INFORMATION SHOWN:
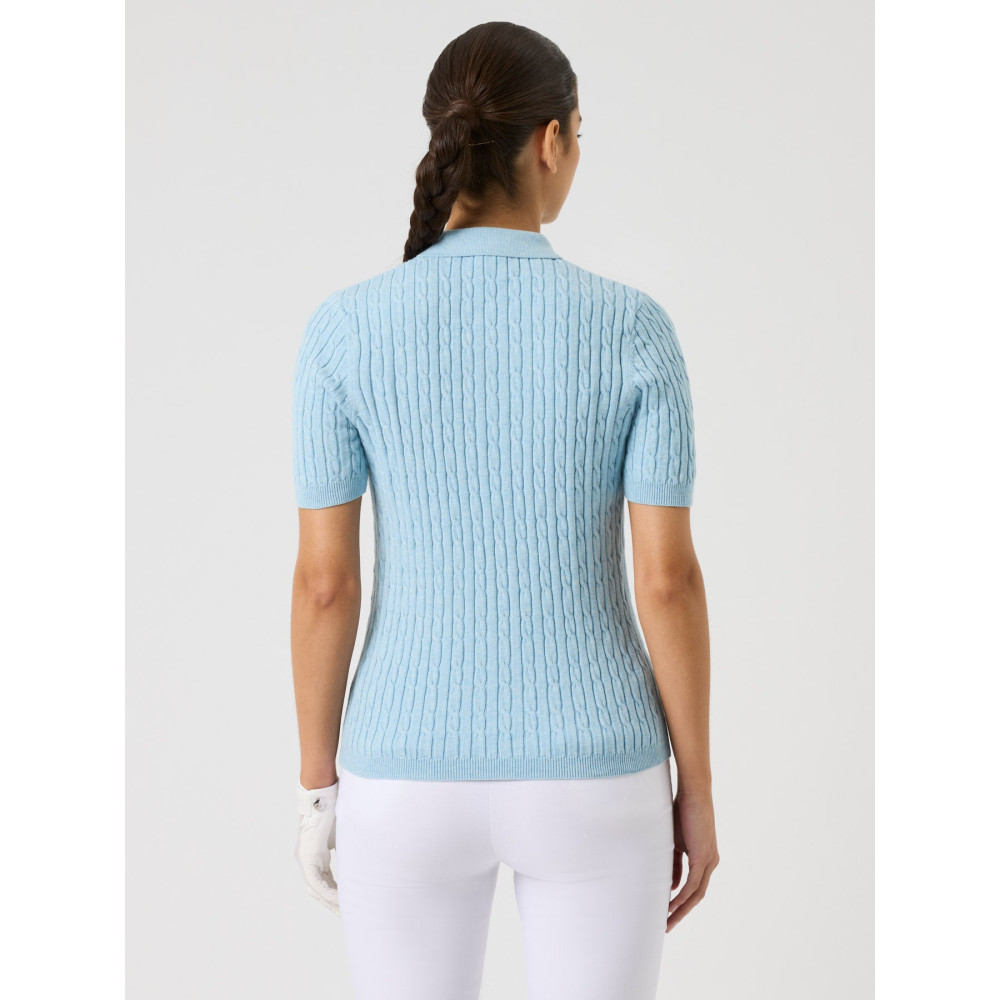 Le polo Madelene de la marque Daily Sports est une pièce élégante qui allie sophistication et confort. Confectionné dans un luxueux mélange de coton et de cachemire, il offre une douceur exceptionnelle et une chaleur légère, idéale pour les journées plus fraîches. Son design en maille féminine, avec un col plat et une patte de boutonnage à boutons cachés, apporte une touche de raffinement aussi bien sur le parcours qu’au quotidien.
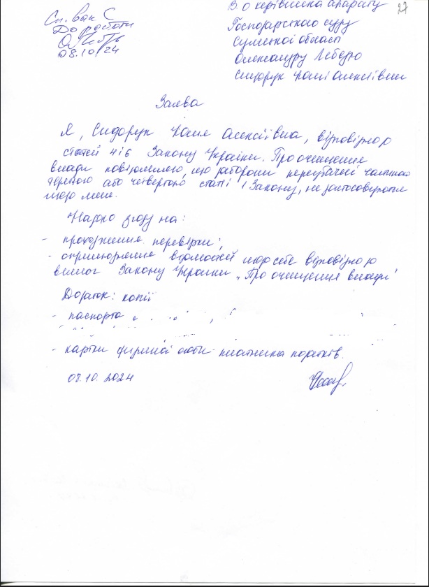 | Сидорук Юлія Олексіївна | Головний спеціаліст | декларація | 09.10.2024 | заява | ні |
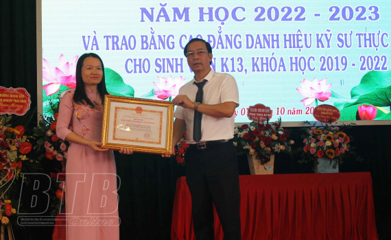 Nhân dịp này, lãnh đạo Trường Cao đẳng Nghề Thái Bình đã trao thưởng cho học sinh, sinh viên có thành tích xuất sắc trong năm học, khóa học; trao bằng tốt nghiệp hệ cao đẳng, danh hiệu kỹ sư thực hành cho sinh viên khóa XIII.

WHAT THE EXERCISE ASKS: Could you repeat all of the data exactly, minus the pictures?

ANSWER TO THIS EXERCISE:
 Le polo Madelene de la marque Daily Sports est une pièce élégante qui allie sophistication et confort. Confectionné dans un luxueux mélange de coton et de cachemire, il offre une douceur exceptionnelle et une chaleur légère, idéale pour les journées plus fraîches. Son design en maille féminine, avec un col plat et une patte de boutonnage à boutons cachés, apporte une touche de raffinement aussi bien sur le parcours qu’au quotidien.
 | Сидорук Юлія Олексіївна | Головний спеціаліст | декларація | 09.10.2024 | заява | ні |
 Nhân dịp này, lãnh đạo Trường Cao đẳng Nghề Thái Bình đã trao thưởng cho học sinh, sinh viên có thành tích xuất sắc trong năm học, khóa học; trao bằng tốt nghiệp hệ cao đẳng, danh hiệu kỹ sư thực hành cho sinh viên khóa XIII.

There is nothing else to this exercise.